*What this task involves*:
Every line below should be copied exactly; drop the pictures.

*Data excerpt*:
########################################
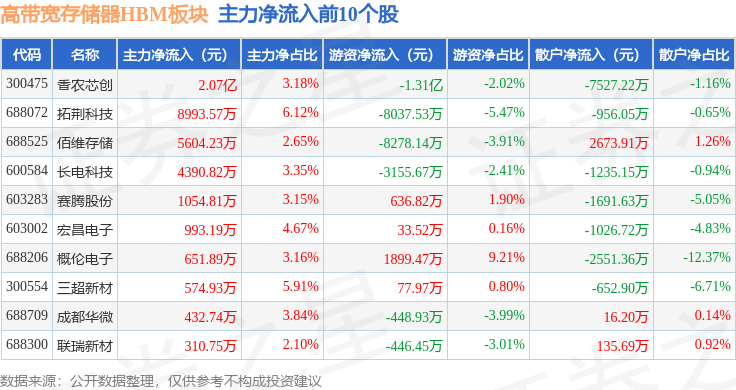 从资金流向上来看,当日高带宽存储器HBM板块主力资金净流出1.85亿元,游资资金净流出2.51亿元,散户资金净流入4.35亿元。高带宽存储器HBM板块个股资金流向见下表:
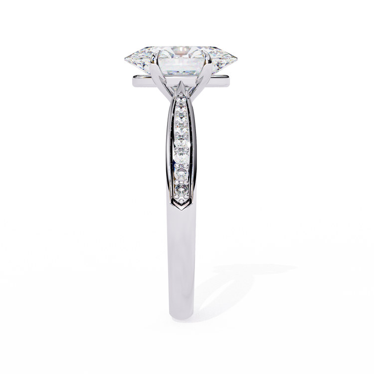 Nature-inspired elegance shines in this lab-grown Oval-cut diamond engagement ring, featuring a delicate vine halo design. The graceful curves and floral motif embrace the center stone, offering a romantic and ethically crafted ring that celebrates love in full bloom.
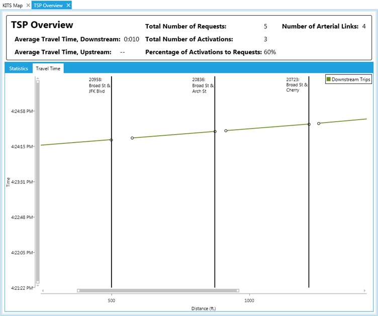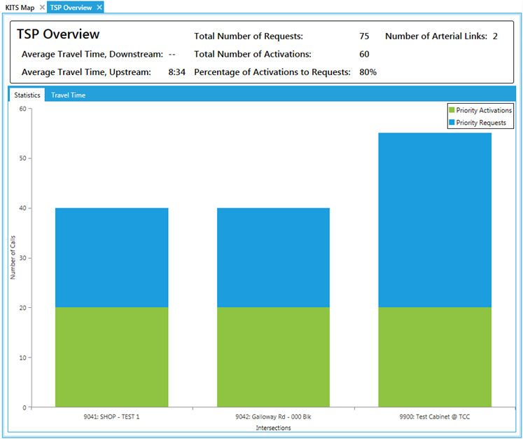 The TSP Overview form found within the Intersections tab provides two main views including Statistics and Travel Time pages.
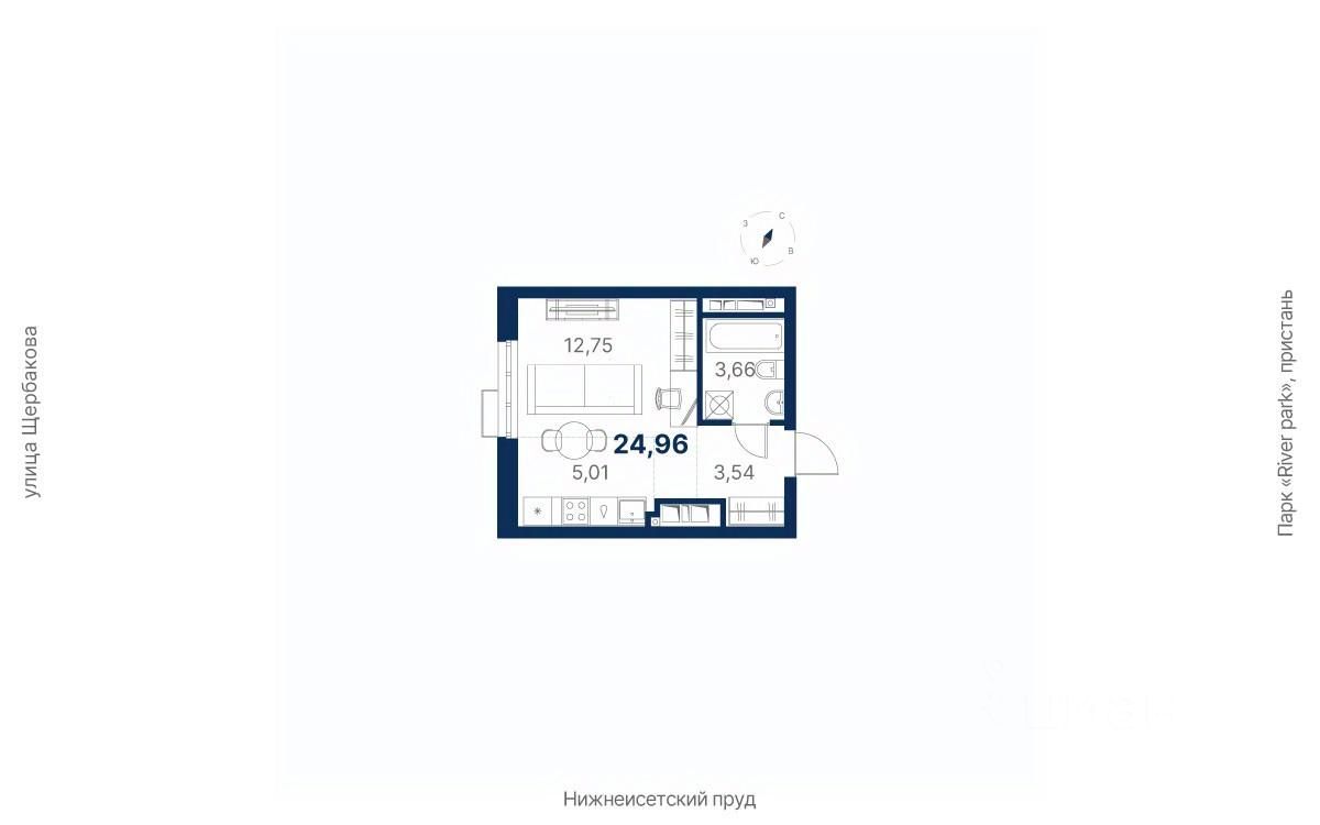 продам 1-к, Щербакова, 154 стр.4 441 047 ₽
########################################
*Solved exercise*:
 从资金流向上来看,当日高带宽存储器HBM板块主力资金净流出1.85亿元,游资资金净流出2.51亿元,散户资金净流入4.35亿元。高带宽存储器HBM板块个股资金流向见下表:
 Nature-inspired elegance shines in this lab-grown Oval-cut diamond engagement ring, featuring a delicate vine halo design. The graceful curves and floral motif embrace the center stone, offering a romantic and ethically crafted ring that celebrates love in full bloom.
 The TSP Overview form found within the Intersections tab provides two main views including Statistics and Travel Time pages.
 продам 1-к, Щербакова, 154 стр.4 441 047 ₽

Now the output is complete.